Data for this task ▸
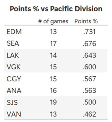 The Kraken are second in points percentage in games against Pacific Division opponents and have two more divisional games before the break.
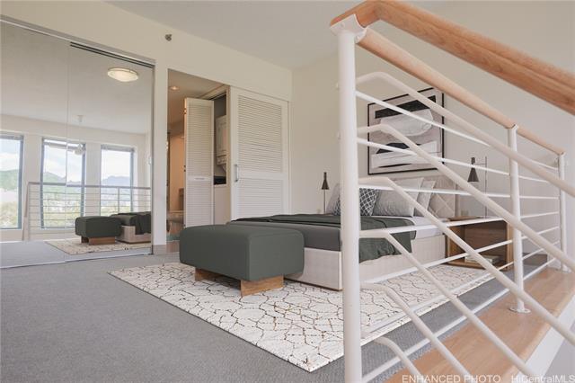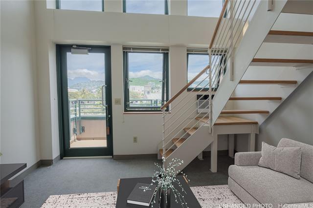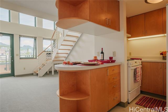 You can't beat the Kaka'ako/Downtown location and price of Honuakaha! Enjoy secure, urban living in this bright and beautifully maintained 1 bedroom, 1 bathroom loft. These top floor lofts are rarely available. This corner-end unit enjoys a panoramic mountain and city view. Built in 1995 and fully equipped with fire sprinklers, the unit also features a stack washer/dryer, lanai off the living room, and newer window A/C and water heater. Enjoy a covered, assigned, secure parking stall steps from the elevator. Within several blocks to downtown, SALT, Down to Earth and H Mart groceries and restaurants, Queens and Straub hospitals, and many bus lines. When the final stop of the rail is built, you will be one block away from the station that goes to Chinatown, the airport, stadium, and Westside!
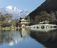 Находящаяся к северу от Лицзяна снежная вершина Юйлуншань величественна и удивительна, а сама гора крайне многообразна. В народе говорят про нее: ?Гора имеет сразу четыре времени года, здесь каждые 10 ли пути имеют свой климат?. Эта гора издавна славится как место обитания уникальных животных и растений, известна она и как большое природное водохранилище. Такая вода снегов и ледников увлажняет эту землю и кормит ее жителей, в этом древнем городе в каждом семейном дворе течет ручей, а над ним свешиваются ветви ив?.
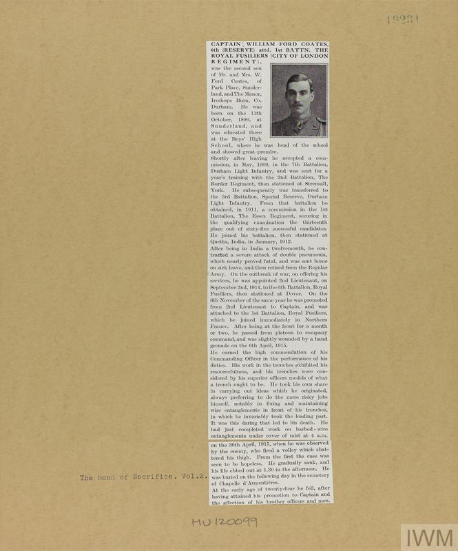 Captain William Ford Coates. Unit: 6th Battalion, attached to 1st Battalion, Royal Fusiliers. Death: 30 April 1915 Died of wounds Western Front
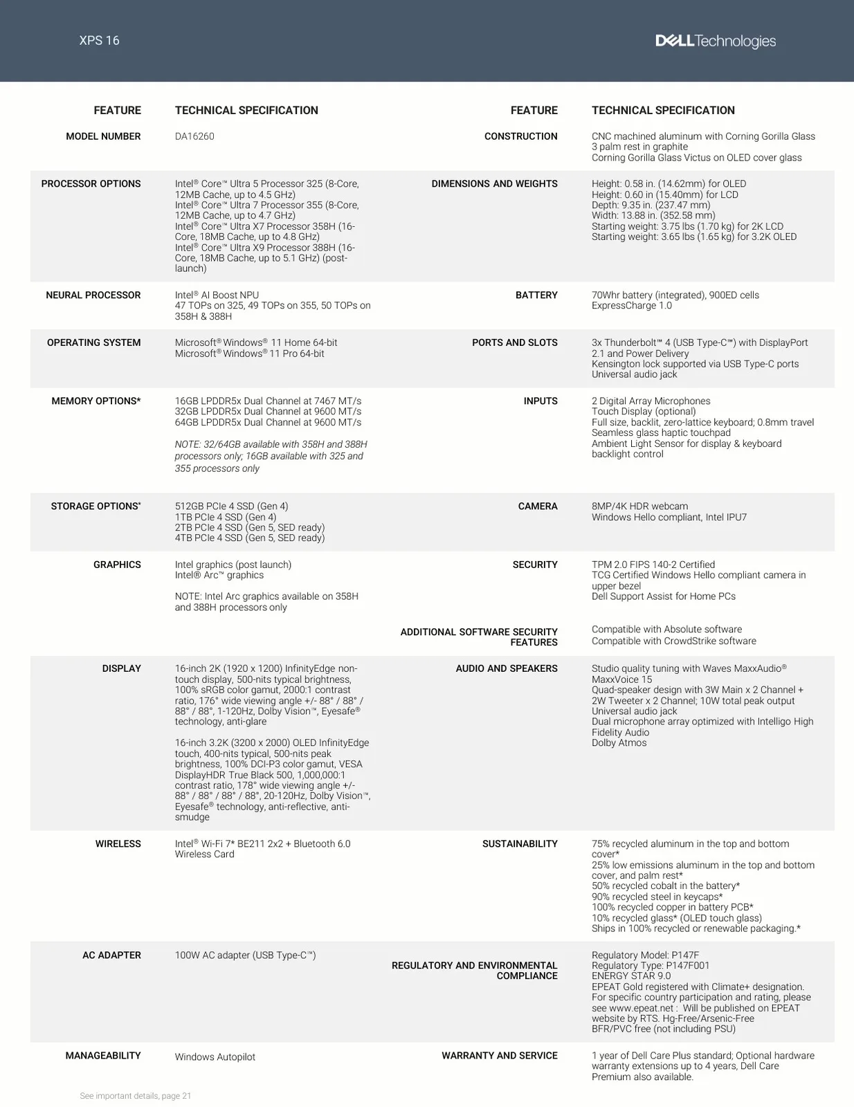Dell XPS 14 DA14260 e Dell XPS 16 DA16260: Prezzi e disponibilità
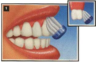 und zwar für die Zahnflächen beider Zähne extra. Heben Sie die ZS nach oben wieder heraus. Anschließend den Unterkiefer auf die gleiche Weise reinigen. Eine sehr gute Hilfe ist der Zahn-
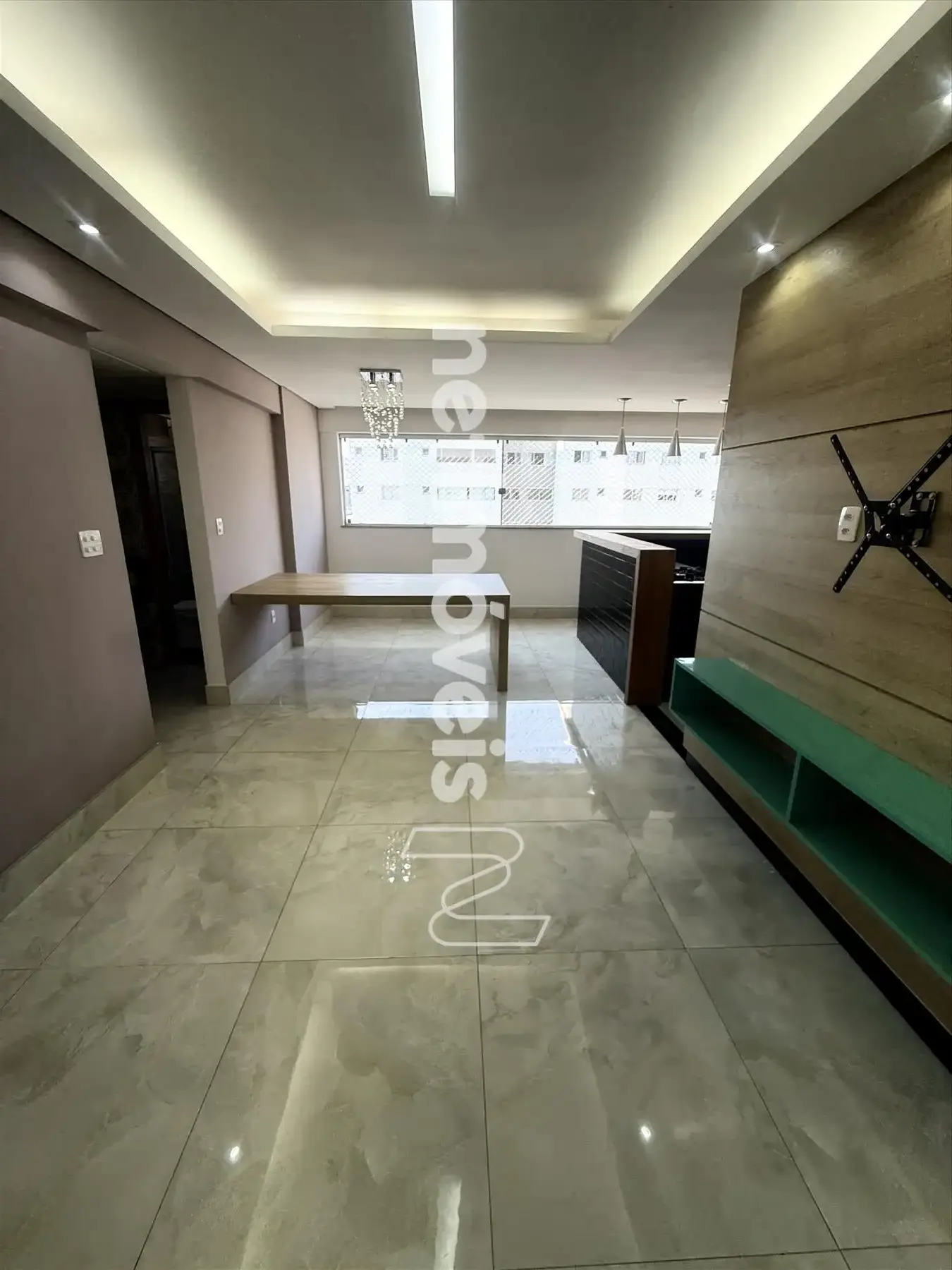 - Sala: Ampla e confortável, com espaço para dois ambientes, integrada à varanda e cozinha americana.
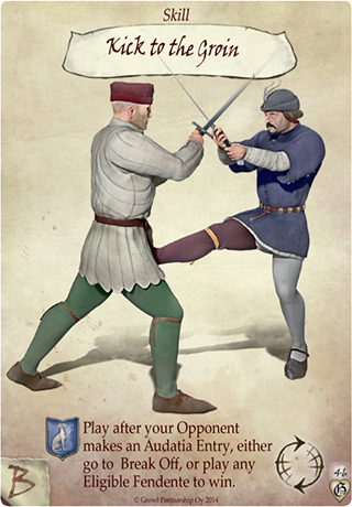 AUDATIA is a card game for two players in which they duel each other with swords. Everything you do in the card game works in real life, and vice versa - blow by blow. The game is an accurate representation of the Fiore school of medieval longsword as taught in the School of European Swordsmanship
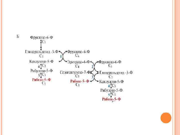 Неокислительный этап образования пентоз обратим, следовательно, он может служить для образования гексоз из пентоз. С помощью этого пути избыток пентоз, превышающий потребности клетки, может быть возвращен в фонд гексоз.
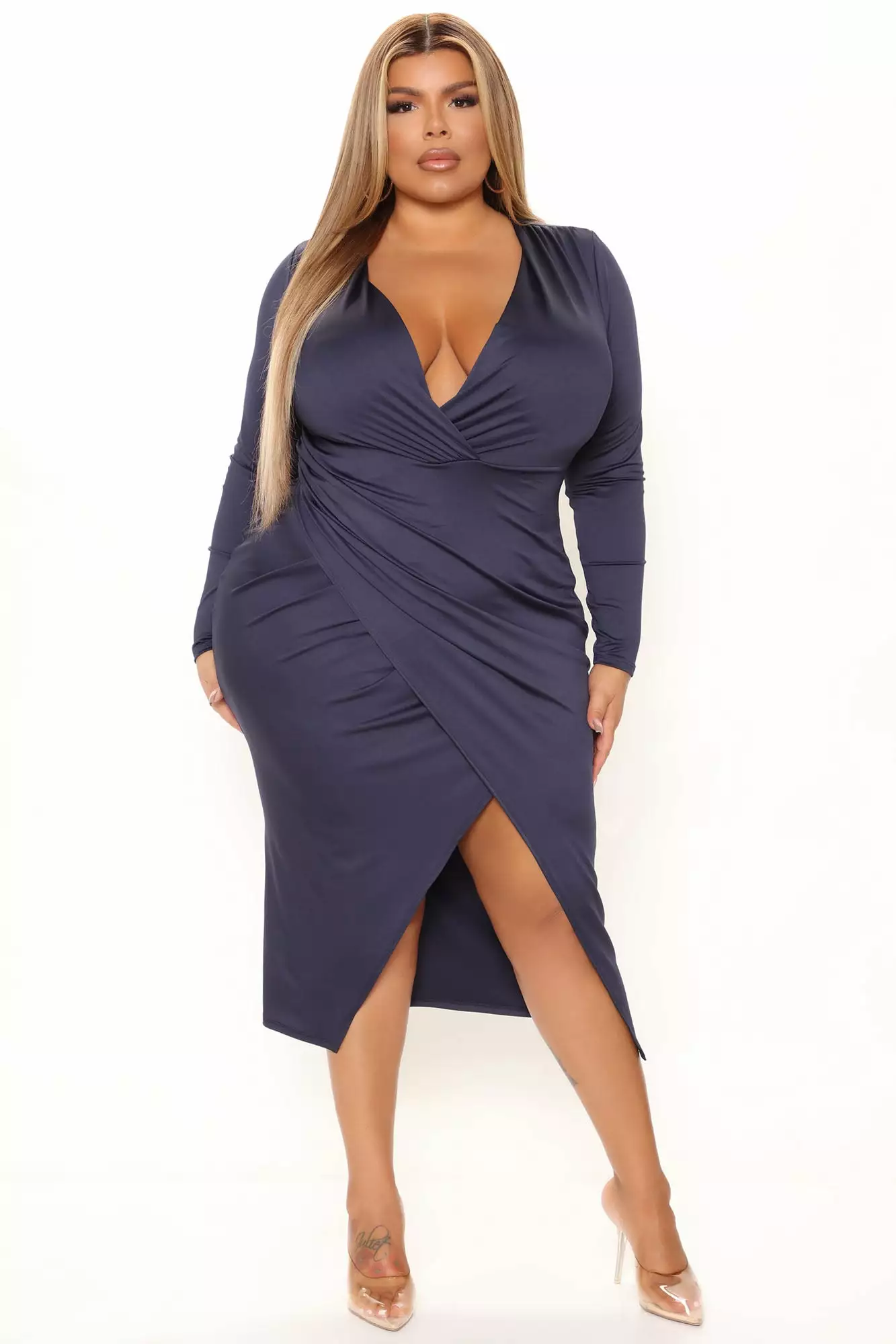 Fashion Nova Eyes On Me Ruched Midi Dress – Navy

What you have to do ▸ Only the lines from the one containing "Dell XPS 14" through the last line of the data belong in the copy, both included and reproduced exactly. Pictures do not.

Answer to this problem ▸
Dell XPS 14 DA14260 e Dell XPS 16 DA16260: Prezzi e disponibilità
 und zwar für die Zahnflächen beider Zähne extra. Heben Sie die ZS nach oben wieder heraus. Anschließend den Unterkiefer auf die gleiche Weise reinigen. Eine sehr gute Hilfe ist der Zahn-
 - Sala: Ampla e confortável, com espaço para dois ambientes, integrada à varanda e cozinha americana.
 AUDATIA is a card game for two players in which they duel each other with swords. Everything you do in the card game works in real life, and vice versa - blow by blow. The game is an accurate representation of the Fiore school of medieval longsword as taught in the School of European Swordsmanship
 Неокислительный этап образования пентоз обратим, следовательно, он может служить для образования гексоз из пентоз. С помощью этого пути избыток пентоз, превышающий потребности клетки, может быть возвращен в фонд гексоз.
 Fashion Nova Eyes On Me Ruched Midi Dress – Navy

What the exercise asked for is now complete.